■ **RECORDS**:
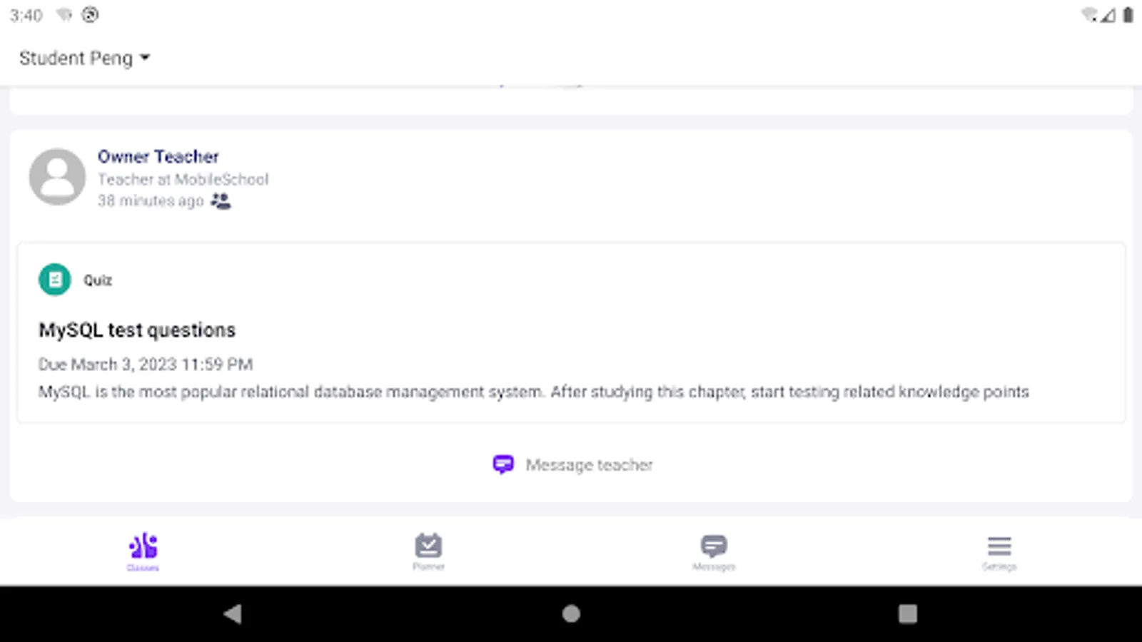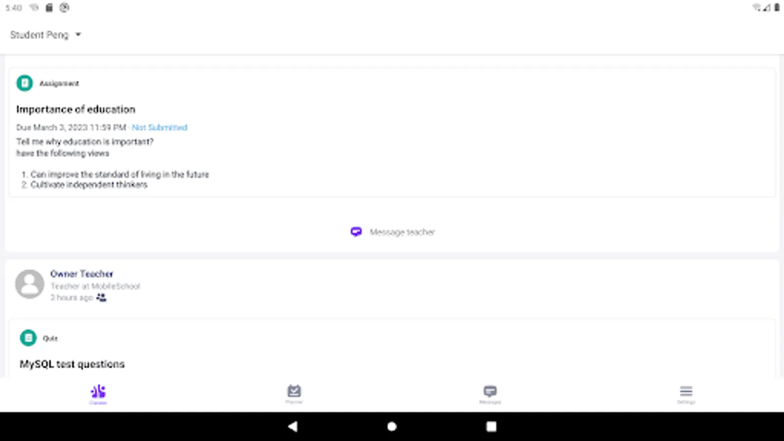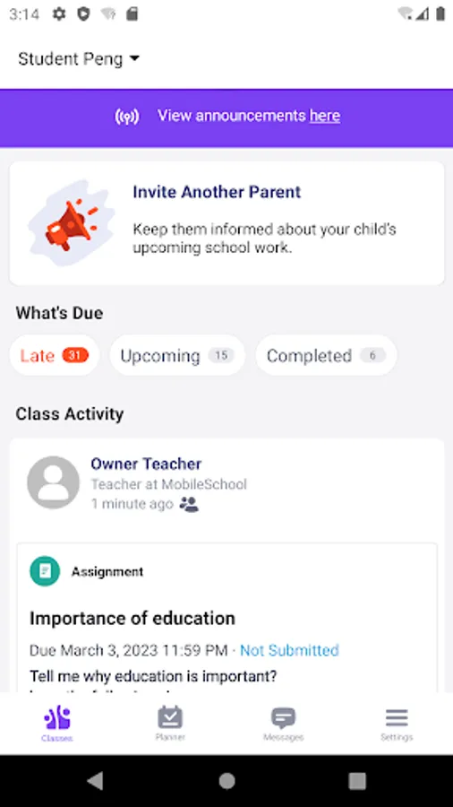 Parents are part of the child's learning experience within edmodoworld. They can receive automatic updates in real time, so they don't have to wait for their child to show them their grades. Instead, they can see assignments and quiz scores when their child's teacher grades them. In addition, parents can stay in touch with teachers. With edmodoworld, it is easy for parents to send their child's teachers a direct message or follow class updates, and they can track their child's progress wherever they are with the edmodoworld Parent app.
==
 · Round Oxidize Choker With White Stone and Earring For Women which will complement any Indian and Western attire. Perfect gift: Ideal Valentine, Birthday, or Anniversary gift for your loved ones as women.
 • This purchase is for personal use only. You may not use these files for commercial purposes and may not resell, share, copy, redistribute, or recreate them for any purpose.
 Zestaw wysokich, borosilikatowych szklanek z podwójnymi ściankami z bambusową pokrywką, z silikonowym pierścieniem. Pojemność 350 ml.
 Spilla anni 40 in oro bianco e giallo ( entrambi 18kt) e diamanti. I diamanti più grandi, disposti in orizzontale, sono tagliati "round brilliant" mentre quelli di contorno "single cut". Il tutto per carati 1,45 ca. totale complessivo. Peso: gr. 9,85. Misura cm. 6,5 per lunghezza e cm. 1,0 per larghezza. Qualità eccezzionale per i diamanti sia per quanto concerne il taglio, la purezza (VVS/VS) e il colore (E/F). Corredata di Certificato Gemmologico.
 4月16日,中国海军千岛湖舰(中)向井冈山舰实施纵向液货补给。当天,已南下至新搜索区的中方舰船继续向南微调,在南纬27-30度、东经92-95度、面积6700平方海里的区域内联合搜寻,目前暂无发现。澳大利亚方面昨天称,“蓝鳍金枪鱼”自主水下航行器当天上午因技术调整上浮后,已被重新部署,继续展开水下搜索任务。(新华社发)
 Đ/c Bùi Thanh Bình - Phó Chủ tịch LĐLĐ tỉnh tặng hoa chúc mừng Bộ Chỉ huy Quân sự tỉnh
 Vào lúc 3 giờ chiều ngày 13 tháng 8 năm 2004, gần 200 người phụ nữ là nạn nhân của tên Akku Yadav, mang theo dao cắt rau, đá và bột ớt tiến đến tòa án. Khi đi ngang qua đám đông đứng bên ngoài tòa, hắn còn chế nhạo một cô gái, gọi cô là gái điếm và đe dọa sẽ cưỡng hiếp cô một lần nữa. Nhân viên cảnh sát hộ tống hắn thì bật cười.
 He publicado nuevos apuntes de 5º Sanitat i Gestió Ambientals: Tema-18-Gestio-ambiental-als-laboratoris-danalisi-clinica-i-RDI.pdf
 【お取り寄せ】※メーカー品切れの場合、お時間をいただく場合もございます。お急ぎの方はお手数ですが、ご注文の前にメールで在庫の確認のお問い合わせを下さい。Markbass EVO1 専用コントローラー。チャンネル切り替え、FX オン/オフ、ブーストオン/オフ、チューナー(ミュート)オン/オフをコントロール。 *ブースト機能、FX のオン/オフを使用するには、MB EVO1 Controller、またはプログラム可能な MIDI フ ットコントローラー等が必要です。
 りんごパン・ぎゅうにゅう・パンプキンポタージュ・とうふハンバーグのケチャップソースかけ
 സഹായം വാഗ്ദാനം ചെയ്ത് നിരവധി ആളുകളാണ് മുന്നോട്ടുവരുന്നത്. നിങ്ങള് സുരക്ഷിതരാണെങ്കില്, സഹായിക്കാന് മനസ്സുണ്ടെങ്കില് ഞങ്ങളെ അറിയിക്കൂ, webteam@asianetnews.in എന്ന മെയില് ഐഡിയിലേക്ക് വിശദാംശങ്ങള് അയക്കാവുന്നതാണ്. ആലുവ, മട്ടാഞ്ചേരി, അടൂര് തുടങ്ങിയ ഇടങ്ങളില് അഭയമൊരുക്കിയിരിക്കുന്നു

■ **TASK DESCRIPTION**: Give only the lines from the one holding "ones as women." through the one holding "for any purpose.", each restated exactly as it appears above.

■ **TASK RESULT**:
 · Round Oxidize Choker With White Stone and Earring For Women which will complement any Indian and Western attire. Perfect gift: Ideal Valentine, Birthday, or Anniversary gift for your loved ones as women.
 • This purchase is for personal use only. You may not use these files for commercial purposes and may not resell, share, copy, redistribute, or recreate them for any purpose.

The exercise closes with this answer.